SUMMARY Seismic traveltime tomography provides method for direct estimation of velocity distribution in the subsurface from the P or S-wave first arrival traveltime data. Some of the seismic tomographic algorithms like - SIRT, ART and LSQR are widely used for their low compute intensiveness. But they may not yield the better image of the complex subsurface and especially with poor initial model. Also, these methods belong to the category of local optimization techniques, which are likely to get stuck in local minima and are derivative based. Genetic Algorithms (GA), in turn, one of the most popular global optimization method which works even with poor or no initial guess and without derivatives too. It can work well in various operator and coding modifications, e.g., binary and real number coding etc, with any global optimization problem. Any inversion algorithm consists of two important modules; one is the optimization technique and other is the forward modeler scheme.

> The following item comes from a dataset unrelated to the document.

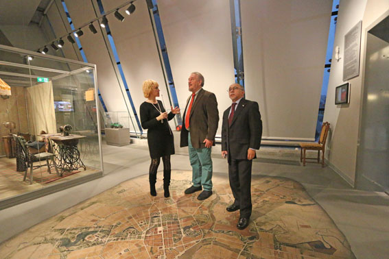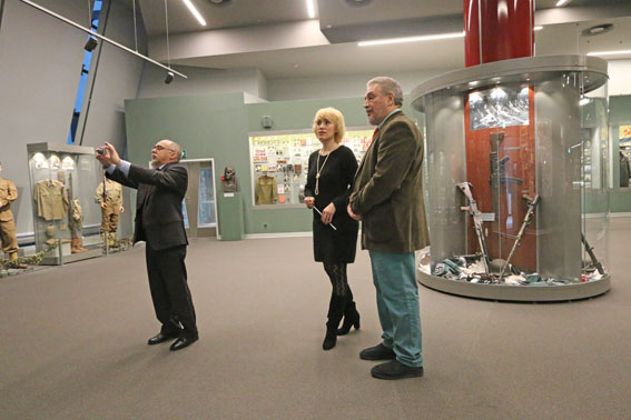 С экспозицией музея кубинских гостей ознакомила главный хранитель фондов Светлана Потупчик. С особым интересом Фидель Кастро Диас Баларт познакомился с музейным экспонатом – кожаным портфелем, подаренным его отцом, Первым секретарём ЦК Компартии Кубы Ф. Кастро Петру Мироновичу Машерову в 1978 году. Он рассказал сотрудникам музея, что до сих пор помнит, как с отцом Фиделем Кастро, находясь много лет назад в Минске, посещал музей истории Великой Отечественной войны, расположенный в то время в старом здании.

We have to start with certain model, which is nothing but the set of parameter values to be inverted, do a forward modeling, compare the results with the experimental data, update the guess using the optimization method and repeat the process until the match is satisfactory. In current investigation, we are dealing with a problem of inverting the first arrival traveltime data to reconstruct the subsurface velocity model which is nothing but a tomographic inversion problem. Our aim of the present study, is to develop and demonstrate an efficient and robust tool for traveltime tomographic inversion. To achieve this, we have developed an inversion algorithm taking real-coded genetic algorithm (RCGA) as optimization technique and used its multiple realization (run), in order to make sure that we are really near to the global minima. Here, the forward modeler is an efficient finite difference based scheme for 2D first arrival traveltime calculation of a given velocity model. The developed algorithm is highly compute intensive, hence parallelized using Hybrid Island model. The results and the performance of the algorithm are presented and discussed here for a complex synthetic velocity model.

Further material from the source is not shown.